De bleekgele hennepnetel kwam voor op winterroggeakkers. Tegenwoordig groeit hij nog wel in open weg- en spoorbermen op de kalkarme pleistocene zandgronden, het meest nog in Noord-Brabant. De sterke achteruitgang heeft, net als van andere rogge akkerplanten, vooral ook als oorzaak dat er vrijwel geen rogge meer wordt verbouwd. De bleekgele onderscheidt zich van andere hennepnetels door de geelwitte lipbloemen met een grote citroengele vlek op de onderlip. Hennepnetels lijken op dovenetels.

Eironde leeuwenbek en spiesleeuwenbek beleefden hun glorietijd als het graan gemaaid was, in de stoppelvelden. Daarom heten ze tegenwoordig stoppelleeuwenbekken, al groeien ze ook op aardappel- en bietenakkers. Omdat ze pas laat in bloei komen, is zaaizaadschoning niet de oorzaak van hun achteruitgang. Eerder lijken chemische onkruidbestrijding en omzetting van akkers in grasland de reden waarom ze allebei inmiddels zo zeldzaam zijn geworden dat ze op de rode lijst van bedreigde plantensoorten staan. Het zijn allebei kruipende planten met kleine leeuwenbekbloemen, met paarsbruine bovenlip en gele onderlip. De spiesleeuwenbek, van de eironde te onderscheiden door zijn spiesvormige bladeren, kom je nog wel eens tegen langs spoorwegen in het rivierengebied.

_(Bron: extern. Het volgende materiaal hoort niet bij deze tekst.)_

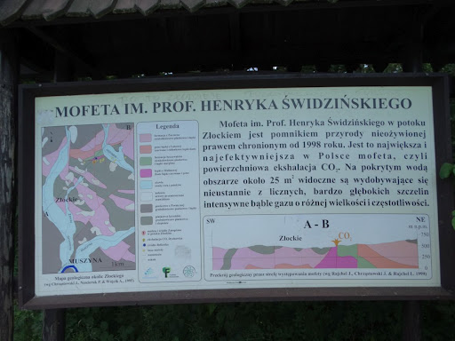 Mofeta w jastrzębniku koło Muszyny. Opinia Stanisława Mofetą nazywa się otwór, z którego wydobywają się gazy Pod nazwą mofeta kryją się też ekshalacje gazowe czyli wyziewy gazów z głębi ziemi, z charakterystycznym bulgotem. Mofeta im. profesora Henryka Świdzińskiego to największa w Polsce mofeta, odkryta przez profesora. Znajduje się w gminie Muszyna, na granicy Jastrzębika i Złockiego , niemal przy drodze łączącej te dwie miejscowości, na dnie Złockiego Potoku Mofeta im. prof. Henryka Świdzińskiego jest największą i najwydajniejszą w Polsce. Ma powierzchnię ok. 25 m², a ilość wydobywającego się gazu szacuje się na około 10 m³ na minutę. Gaz wydobywa się w tym miejscu stale w postaci bąbelków. Składa się on głównie z dwutlenku węgla (95%), poza tym jest to azot (3,87%), metan (0,67%) i tlen (0,21%). Dwutlenek węgla (CO2) wydobywa się z bardzo dużych głębokości. Nad mofetą giną owady i ptaki. Dwutlenek węgla jest cięższy od powietrza, gromadzi się więc przy ziemi. Jeśli nie rozwieje go wiatr, zabija wszystkie unoszące się nad mofetą owady. Wydobywający się dwutlenek węgla po drodze nasyca wodę, Mofeta ta została uznana za pomnik przyrody. To nie jedyna mofeta w tej okolicy, ale ta jest najbardziej efektowna i zyskała infrastrukturę turystyczną. Zbudowano kładkę ponad rzeką, obudowano otwory z bulgoczącą wodą, postawiono tablice informacyjne. Miejsca, z których wydobywają się gazy, ciekawie nazwano - Bulgotka i Dychawka. Dychawka to słyszalny oddech ziemi, faktycznie można ten oddech usłyszeć. To suchy wypływ dwutlenku węgla. W innych miejscach stale widać na wodze bąbelki, co wygląda bardzo ciekawie i tajemniczo. Mofeta usytuowana jest w dnie bagnistego koryta potoku Złockiego, przez co wypływ CO2 częściowo ma miejsce pod pokrywą wody i dlatego jest doskonale widoczna. W kilku punktach, na powierzchni około 25 m², wydobywają się nieustannie w dzień i w nocy różnej wielkości i ze zmienną częstotliwością bąble CO2. W rejonie tym występuje kilka źródeł wód mineralnych. Największe nazwane jest Bulgotką. Na wyjątkowo atrakcyjną oprawę mofety wpływa bulgoczące rdzawożółte błoto, kolorystycznie kontrastujące z porastającą je intensywnie zieloną, niskopienną roślinnością. Wytrąca się ono z wód wypływających tu szczaw, zawierających dużą ilość związków żelaza i ma charakter koloidalnej, czerwonobrunatnej galaretowatej zawiesiny, cienkiej powłoki lub spienionego żelu. Byłem, oglądałem jest super. Gorąco...

Dat kan je ook gebeuren met de helder rozerode akkerleeuwenbek (Misopates orontium). Vroeger kwam deze rodelijstsoort voor op lemig zandige hakvruchtakkers. Dit fraaie plantje is nog wel te vinden in Zuid-Nederland. Dat spies-, eironde en akkerleeuwenbek zo zeldzaam zijn, ligt niet alleen aan moderne akkerbouwmethoden. In ons land zitten zij aan de rand van hun verspreidingsgebied. Daar zijn planten- en diersoorten altijd kwetsbaar en verdwijnen ze al bij een geringe aanleiding.
De gele ganzebloem (Glebionis segetum valt op door zijn grote composietbloemen en blauwgroene blad. In Noord-Brabant en Limburg en merkwaardig genoeg ook op Terschelling vind je nog ganzebloemen op kalk arme, maar voedselrijke zandige akkers.
Het akkerviooltje is veel forser dan het verwante driekleurige viooltje, maar het heeft kleinere roomwitte, vaak wat violet aangelopen bloemen met een gele keel en een honingmerk van zwarte streepjes. Het is een van de weinige nog gewone akkerplanten, maar uit de velden verbannen naar de wegkant.

De bolderik (Agrostemma githago) is vrijwel uit graanakkers verdwenen door zaaizaadzuivering en het gebruik van onkruidbestrijdingsmiddelen. De zwarte bittere zaden werden nogal eens met de rogge meegemalen en in het brood meegebakken. Als je dat brood at, kreeg je een acute vergiftiging. Een paar gram van het zaad verwekt al irritaties van de maag- en darmslijmvliezen. Hogere doses kunnen inwendige organen ernstig beschadigen.
Van dit akkeronkruid is bewezen dat het al in de Romeinse tijd in graanvelden voorkwam: zaden werden in de Romeinse nederzetting in Valkenburg (Zuid-Holland) tussen resten van graan aangetroffen.
De lichtrode bloemen met ver buiten de kroon uitstekende smalle spitse kelkbladeren zijn nog steeds te zien in wegbermen in de randstad, waar bolderik opzettelijk wordt uitgezaaid.